With BJP leaders and their acolytes in the Hindutva “Parivar,” or “family” of associated organisations, regularly spouting inflammatory and divisive rhetoric, it should be no surprise that violence has surged. Muslims have faced lynching by so-called cow vigilantes, and some Christians have been subjected to vandalism and assault during the Christmas season.
Though Indian elections remain free and fair, anti-democratic trends have taken hold between votes. Dissent is framed as disloyalty, with criticism of government policies labelled “anti-national.” The tax agencies and financial police have been unleashed against opposition leaders and their supporters, and “bulldozer justice” has been dispensed mainly against Muslim protesters—whose homes and businesses are literally bulldozed—without due process.
Moreover, the autonomy of Indian institutions—from the Reserve Bank of India to the Election Commission—has been weakened. Even the judiciary has come under pressure. Parliament has been reduced to a bulletin board for government decisions.
The Modi government has also fallen far short on economic policy. Despite the progress in areas like transport infrastructure and technology diffusion, India has a long way to go on many fronts, particularly schooling, skills development, sanitation, and public health-care facilities.
Likewise, the benefits of economic growth have failed to reach the poor and lower-middle class. Unemployment is at record highs, and female labour-force participation is plummeting. Many small and micro-enterprises had to be permanently closed after the disastrous demonetisation of 2016. Farmers are struggling to cope with falling incomes. Budgetary allocations for many essential welfare programmes, including the National Rural Employment Guarantee Scheme, have dwindled. Crony capitalism is rampant.
The Modi government’s response to the Covid-19 crisis also left much to be desired. Though Indians were eventually vaccinated, images of migrant workers trudging homeward during a nationwide lockdown still haunt the country. And while the government claims that less than 500,000 people died, the World Health Organization estimates that the real figure is 10 times higher, raising questions about the reliability of official statistics.
The jury is still out on the Modi government’s handling of several other challenges, from the Ukraine war to Chinese encroachments along the disputed Himalayan frontier.
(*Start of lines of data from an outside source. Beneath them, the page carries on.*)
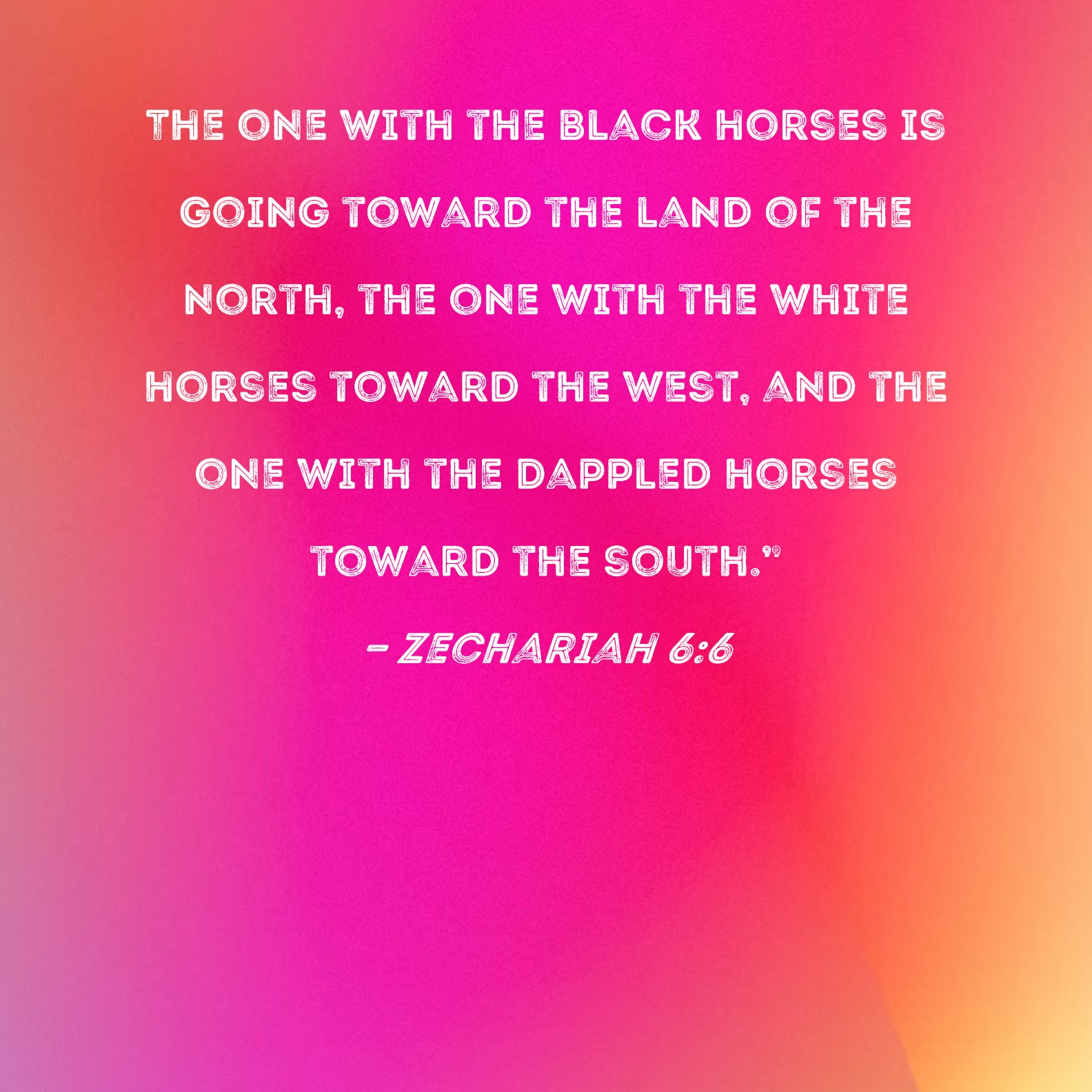 The one with the black horses is going toward the land of the north, the one with the white horses toward the west, and the one with the dappled horses toward the south."
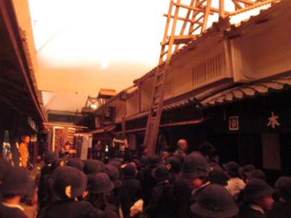 写真上:江戸時代の町並みは、夜になると本当に暗くなります。明かりはほの暗い行燈だけ、昔の人はこんな明るさでで暮らしていたんですね。
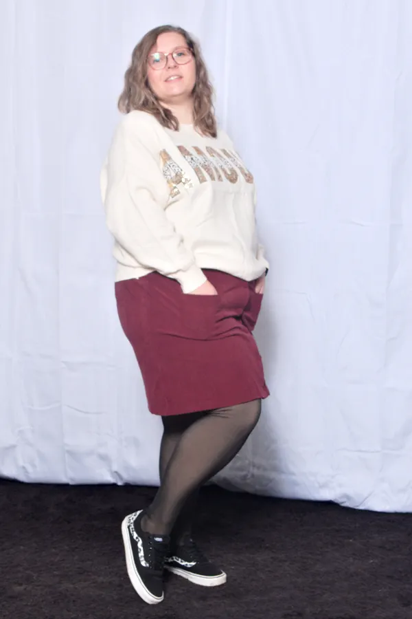 Amandine mesure 1,65 et porte une taille unique 44/52. Habituellement, elle porte du 50.

It is far from clear that India is prepared to handle a conflict with China or Pakistan (or both). The 2015 deal to buy 36 Rafale fighter jets from the French company Dassault Aviation continues to draw controversy, owing to contractual irregularities.
India’s first prime minister, Jawaharlal Nehru, is the only one to have won three successive terms in office. Next year, the Indian people will weigh Modi's mixed record and decide whether it warrants making him the second.